If we also assume that our threshold (which is set on some training data) is somewhere between 5 and 250 then we have an indicator that 'acquiesce' is a difficult word.

The next step, once we have identified this complex word is to generate a set of synonyms which could replace it.  This is typically done with a thesaurus such as WordNet.  This could give us some of the following replacements for acquiesce.

Acquiesce: accept, accommodate, adapt, agree, allow, cave in, comply, concur, conform, consent, give in, okay, submit, yield

We must then process these to discover which will be valid replacements in the given context.  This third step is called word sense disambiguation.  This is necessary as a word will have typically have several senses, so some replacements will only be valid in certain contexts.  In the above example a word sense disambiguation step may look something like the following:

Acquiesce: accept, accommodate, adapt, agree, allow, cave in, comply, concur, conform, consent, give in, okay, submit, yield

Where words in green are those that would be valid replacements and words struck-through and in red are non-valid replacements.   This is somewhat subjective and remains an unsolved task in NLP.

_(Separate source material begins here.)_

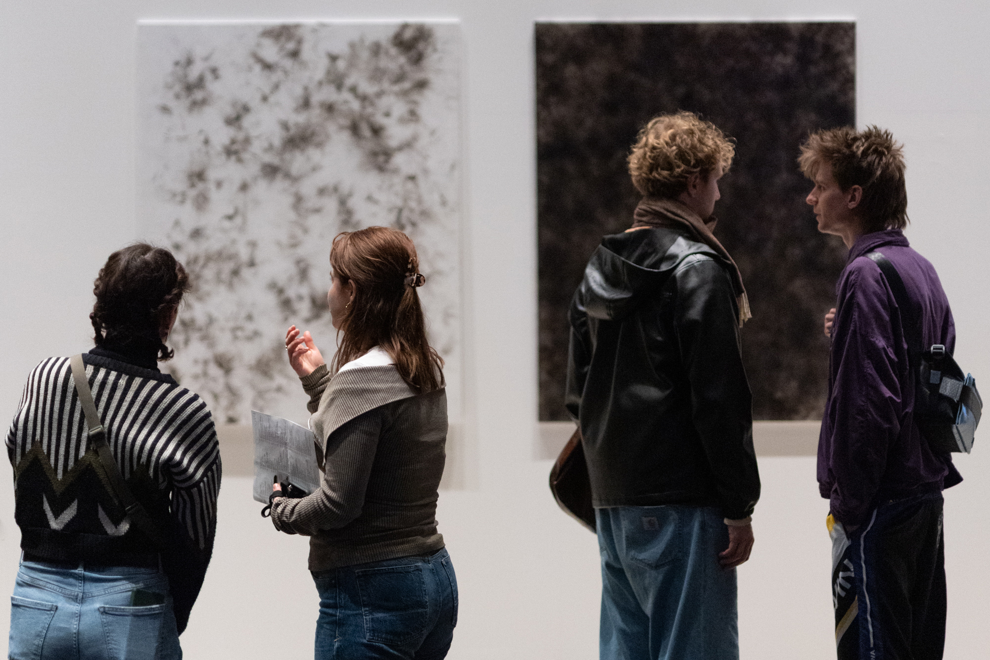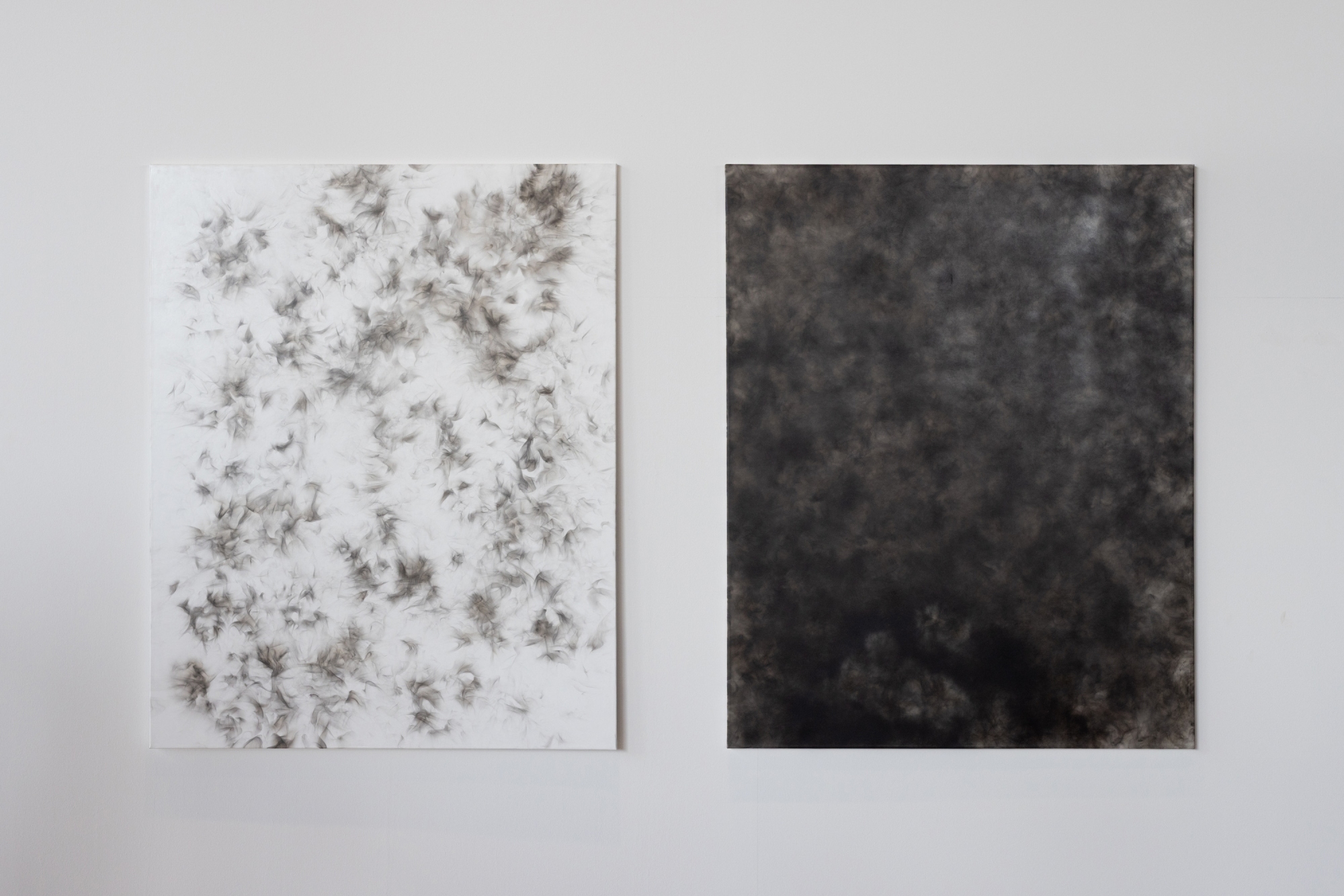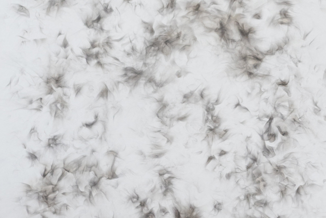 Dan Stockholm has been working on his Firepaintings series since 2022. The colour effects are created by bringing the canvas into such intensive contact with flame that it is entirely covered by soot, yet without setting it on fire. This produces monochrome paintings in varying intensities, giving rise to shapes and depth. The dark structures are reminiscent of explosions or billows of smoke. These pieces were created in response to the war in Ukraine, which the artist has been closely following since the start of the Russian invasion. Though inherently abstract, the pictures nonetheless allow something concrete to shine through – traces of a conflict that manifests itself both visually and emotionally.

The final step is to rank the resulting replacements in order of their simplicity.  The simplest will then replace the original word.  To do this we revisit our measure of lexical complexity from before.  For example if we have the following values for the remaining candidates:

cave in:
give in

 Then we would choose 'accept' as our replacement.  Giving the simplified sentence as:

The workers accepted their boss' request.

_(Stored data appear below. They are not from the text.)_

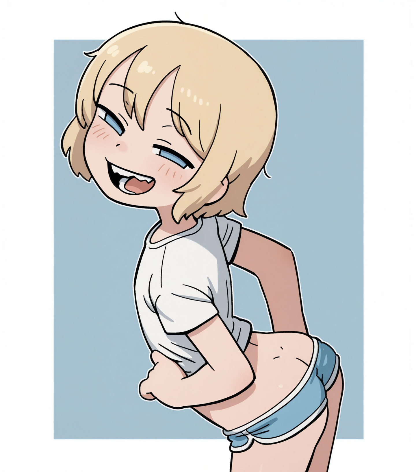 Requesting a silver haired gold eyed loli with a bobcut hairstyle and Japanese aesthetics being a slut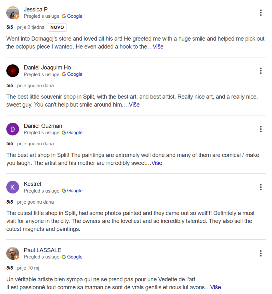 - Najbolja mala suvenirnica u Splitu, s najboljom umjetnošću i najboljim umjetnikom. Stvarno lijepa umjetnost, i stvarno drag, drag tip. Ne možete se ne nasmiješiti u njegovoj blizini. Hvala ti za sve slike koje si nam naslikao!.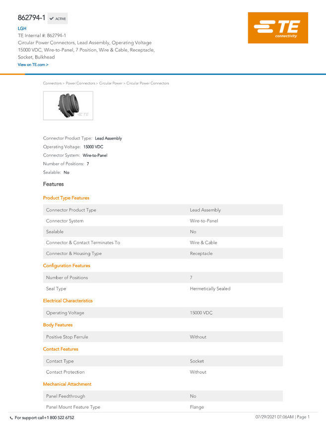 TE Connectivity 862794-1 1 szt. karton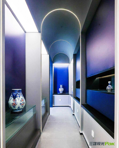 博物館長廊運(yùn)用線性照明強(qiáng)調(diào)空間縱深感,搭配智能控制方式,在長廊內(nèi)逐一點(diǎn)亮展品,使其成為“吸睛點(diǎn)”,令大家自然而然地進(jìn)入觀展氛圍。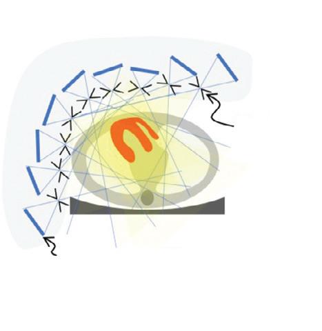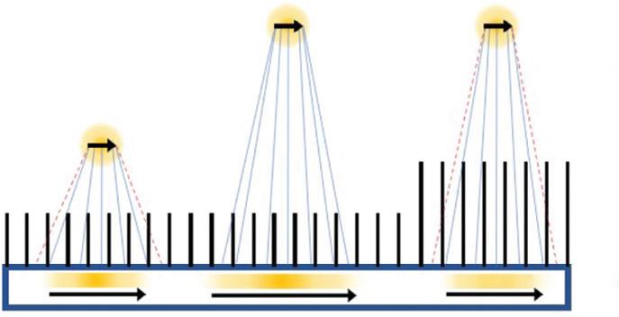 The scintillation light from the detector crystal spreads from the point where the gamma ray interacts with the crystal. The spreading light shower illuminates more than one light sensor and the amount of light seen by a light sensor depends on its distance from the point of interaction. Using the known positions of the light sensors and a weighted combination of the signals measured by each, the location of the point of interaction of the gamma ray with the scintillation crystal can be calculated.5 The energy and location of the detected gamma ray are recorded and used to build up a 2D picture, also known as a “projection,” of the distribution of the radioisotope in the patient.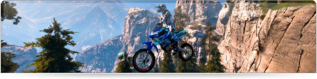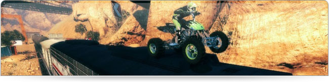 Si les tracés sont torturés, le gameplay ne s’encombre pas de subtilités à maîtriser. La notion de pilotage est toute relative et, parfois, on s’imagine plus aux commandes d’un vaisseau sorti de wipe-out qu’au guidon d’un quad qui résiste à des chutes de plusieurs centaines de mètres. Ce constat se renforce au fil des courses où vous enchaînez des moments de pure cascade avec des séquences de pilotage la tête en bas ! L’impression de vitesse est d’ailleurs accentuée par une déformation sans doute trop exagérée de votre champ de vision, et cet effet « fuyant » se révèle un peu fatigant à la longue. Tout va très très vite et, si c’est finalement une bonne nouvelle de conduire un engin aussi maniable, en contre partie cela bride aussi votre courbe de progression dans le jeu. Ne cherchez pas de différence entre les surfaces des quatre environnements disponibles (Arizona, Parc Yosemite, Andes, Grèce) durant le mode histoire, elles sont trop minimes pour avoir un réel impact sur votre conduite. Que vous soyez sur la boue, la neige ou la terre aride, vous foncerez comme un malade. La gestion des trajectoires de votre missile (pardon, quad) est donc un aspect déterminant du jeu pour terminer dans les trois premiers. Pas de dérapage, pas de gestion du poids du corps du pilote, rien que de la vitesse pour un gameplay ultra arcade assumé.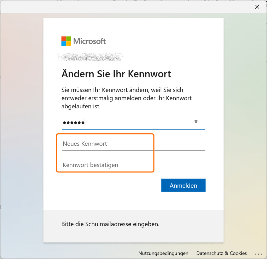 Sobald sich die Schülerin oder der Schüler am Computer anmeldet, bekommt sie oder er die Aufforderung, sich ein neues Passwort zu setzen.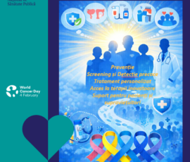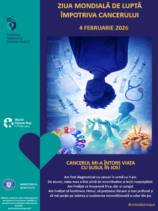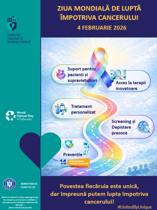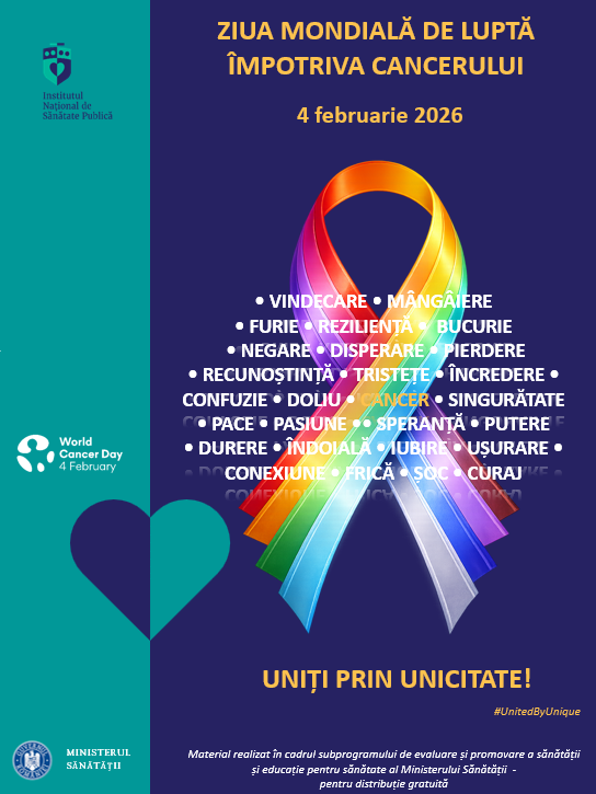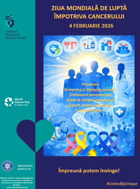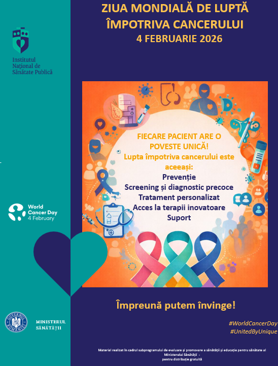 Cu ocazia Zilei Mondiale de Luptă Împotriva Cancerului, 4 februarie 2026, Institutul Național de Sănătate Publică se alătură eforturilor europene și internaționale de informare și conștientizare a impactului cancerului asupra societății și invită profesioniștii din domeniul sănătății și populația generală să se implice activ în promovarea prevenției, a unui stil de viață sănătos și a sprijinului acordat persoanelor afectate de cancer.

Which is a much more understandable sentence.

There are of course some nuances of the original meaning that are lost in this simplification, however this has to be accepted.  The understandability of the sentence is obviously dramatically increased.

My project is currently focusing on each of these stages individually.  The hypothesis is that by examining and optimising each stage in turn, it will be possible to improve the final simplification.  Work has already taken place in the first stages mentioned above and work will continue on the rest.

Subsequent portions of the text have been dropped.